I glanced over to the homes outside the town walls. People were streaming out of them, some of them taking wild pot-shots at the goblins. No chance any of those were landing. They still had some four hundred meters before the goblins reached the wall.
The guns atop the walls opened up, beams of cyan light streaking across the divide and sending dirt and sand bursting into the air. The first salvo hit the goblins. I saw one of those little groups break apart as a hit landed right next to them. They left a couple dead behind them. Barely a dent.
The guns took a good thirty seconds to reload. If I squinted I could see the folk manning them fumbling with the shells. No practice.
“This is going to be a shit show,” I said.
A dozen or so people climbed the walls near the gun emplacements, some of them with crank-fired guns. They opened fire as soon as the goblins were within two hundred meters of the wall. Flashing streaks were left in the air, marking the path of all the rounds being flung at the goblins.
The big guns fired again, but nearly every shot hit behind the goblins. They couldn’t depress enough.
A few goblins stumbled and fell, and I saw one fall off a mech. They were getting kills.
Then the goblins returned the favour.
The mecha in the lead raised an arm as big around as Rusty’s torso, with a cannon strapped to the end.
I saw a hammer the size of my arm crash into the back of the barrel. The ground skipped and I winced back from the searing golden beam connecting the gun to the wall.
Part of the wall exploded with stony shrapnel.
Folk started tugging the gates close even as a few stragglers tried to make it in.
That was the signal for the goblins to all open fire.
A rain of small shells smashed into the walls, followed by thousands of bullets from small arms.

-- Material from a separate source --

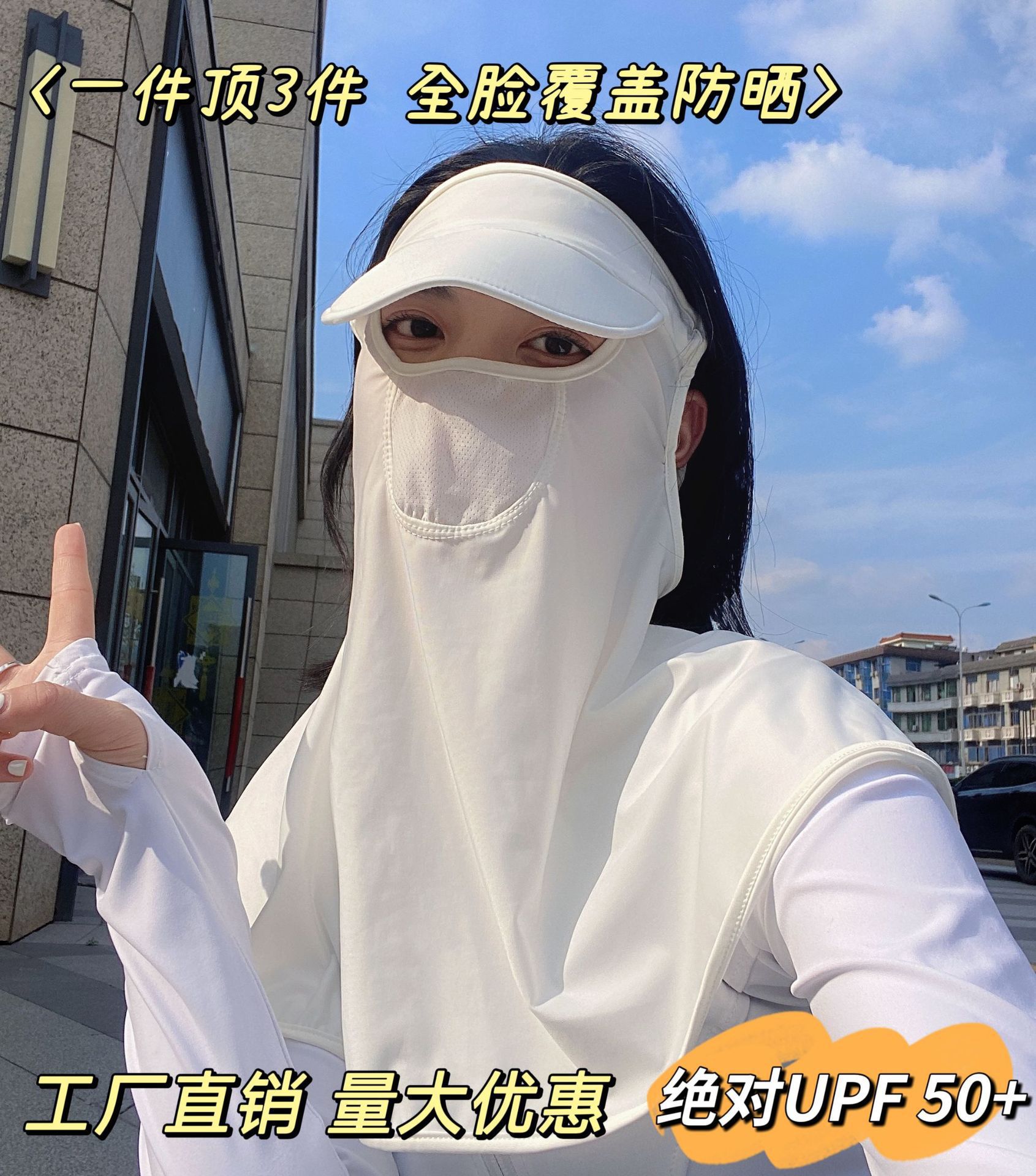 防晒面罩遮全脸帽檐一体防晒帽女夏季防紫外线脸基尼遮阳护脖口罩

“That wall won’t last an hour,” I said.
Those manning it were already running off, some braver fools taking some parting shots before ducking away. The gun emplacements became huge targets for the goblins below, and soon they were shredded from below.

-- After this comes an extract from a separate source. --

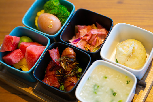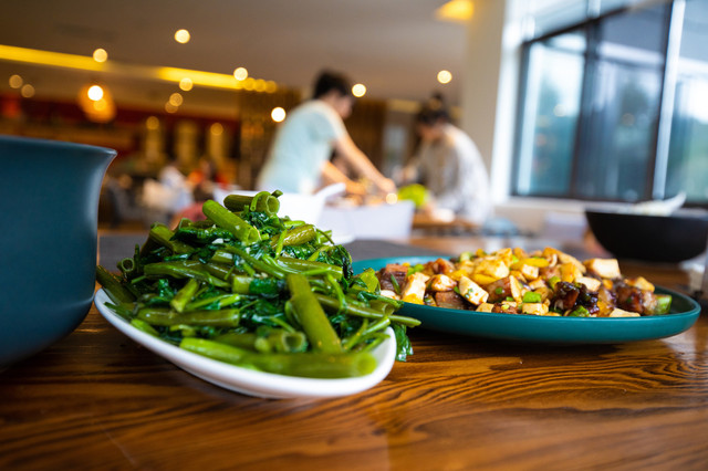 步行去大厅,踩几脚夜里的雨和落叶,吃一份早饭迎接山里的清晨。

“This isn’t going to end well,” I said.
“It doesn’t look like it,” Clin said. “Caroline said it would take a day to get Rusty working?”
“Yup.”
“We don’t have a day.”
“You’re right, we certainly don’t. The moment they breach the walls, they’ll be all over the town, like vultures picking at a fresh corpse.”

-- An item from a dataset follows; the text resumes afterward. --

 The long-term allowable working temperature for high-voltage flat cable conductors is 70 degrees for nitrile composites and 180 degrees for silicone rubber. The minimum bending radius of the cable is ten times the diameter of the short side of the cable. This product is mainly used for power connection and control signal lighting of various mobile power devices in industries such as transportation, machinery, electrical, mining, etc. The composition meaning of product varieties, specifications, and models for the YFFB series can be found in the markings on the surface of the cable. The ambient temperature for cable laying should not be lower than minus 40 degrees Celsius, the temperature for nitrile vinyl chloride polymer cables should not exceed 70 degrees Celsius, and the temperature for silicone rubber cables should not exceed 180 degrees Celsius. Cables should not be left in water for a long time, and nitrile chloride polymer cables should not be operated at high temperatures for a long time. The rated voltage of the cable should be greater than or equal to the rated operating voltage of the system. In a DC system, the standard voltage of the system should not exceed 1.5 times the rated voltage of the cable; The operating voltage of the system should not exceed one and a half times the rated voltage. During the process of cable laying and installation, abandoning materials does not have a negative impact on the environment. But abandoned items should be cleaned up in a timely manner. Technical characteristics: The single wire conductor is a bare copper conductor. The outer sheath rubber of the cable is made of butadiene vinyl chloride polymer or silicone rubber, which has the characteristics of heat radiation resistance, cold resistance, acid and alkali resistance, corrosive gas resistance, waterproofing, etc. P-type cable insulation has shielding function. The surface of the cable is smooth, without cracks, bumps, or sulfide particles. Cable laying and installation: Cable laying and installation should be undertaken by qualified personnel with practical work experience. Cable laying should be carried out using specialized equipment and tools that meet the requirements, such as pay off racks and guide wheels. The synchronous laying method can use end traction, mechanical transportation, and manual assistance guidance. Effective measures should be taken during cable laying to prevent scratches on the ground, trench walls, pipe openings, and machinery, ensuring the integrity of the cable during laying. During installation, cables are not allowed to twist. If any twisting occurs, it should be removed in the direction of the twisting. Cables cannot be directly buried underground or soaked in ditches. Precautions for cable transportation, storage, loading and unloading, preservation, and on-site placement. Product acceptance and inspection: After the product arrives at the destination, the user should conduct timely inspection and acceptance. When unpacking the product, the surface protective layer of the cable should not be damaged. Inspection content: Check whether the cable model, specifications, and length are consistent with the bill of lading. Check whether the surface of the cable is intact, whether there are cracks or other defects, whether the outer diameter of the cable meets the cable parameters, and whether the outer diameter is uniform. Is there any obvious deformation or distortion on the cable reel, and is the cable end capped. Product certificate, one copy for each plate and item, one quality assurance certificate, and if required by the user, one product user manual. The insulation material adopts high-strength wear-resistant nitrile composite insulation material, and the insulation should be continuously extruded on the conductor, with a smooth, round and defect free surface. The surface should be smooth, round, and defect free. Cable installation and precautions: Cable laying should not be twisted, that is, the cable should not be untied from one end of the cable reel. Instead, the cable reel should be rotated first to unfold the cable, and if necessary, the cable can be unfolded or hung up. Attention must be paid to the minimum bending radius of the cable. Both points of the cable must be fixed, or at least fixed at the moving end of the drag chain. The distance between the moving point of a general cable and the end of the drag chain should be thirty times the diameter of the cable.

Clin looked back. “Do you think the town will survive?”
“Oh, yeah, probably,” I said. “Goblins are scavengers first. They’re attacking now, but once they’re done picking through the loot, they'll leave. There are enough people in town with guns and such to probably kill every last one. Problem is, that’ll mean a lot of nasty fighting in the streets and from home to home.”
“Is there anything we can do?”
I shrugged.
And that’s when I noticed some folk running into the yard.
“Guess so,” I said. “Let’s go see our new friends, make sure they’re not up to any trouble.
I glanced at the goblins one last time. There were a few more dead among their number, but not enough to make it matter. The wall was starting to crumble under their constant attacks, and some of the more dextrous goblins were scaling the wall.
I grit my teeth, then refocused. I had to do what I could about the problems I could actually do something about.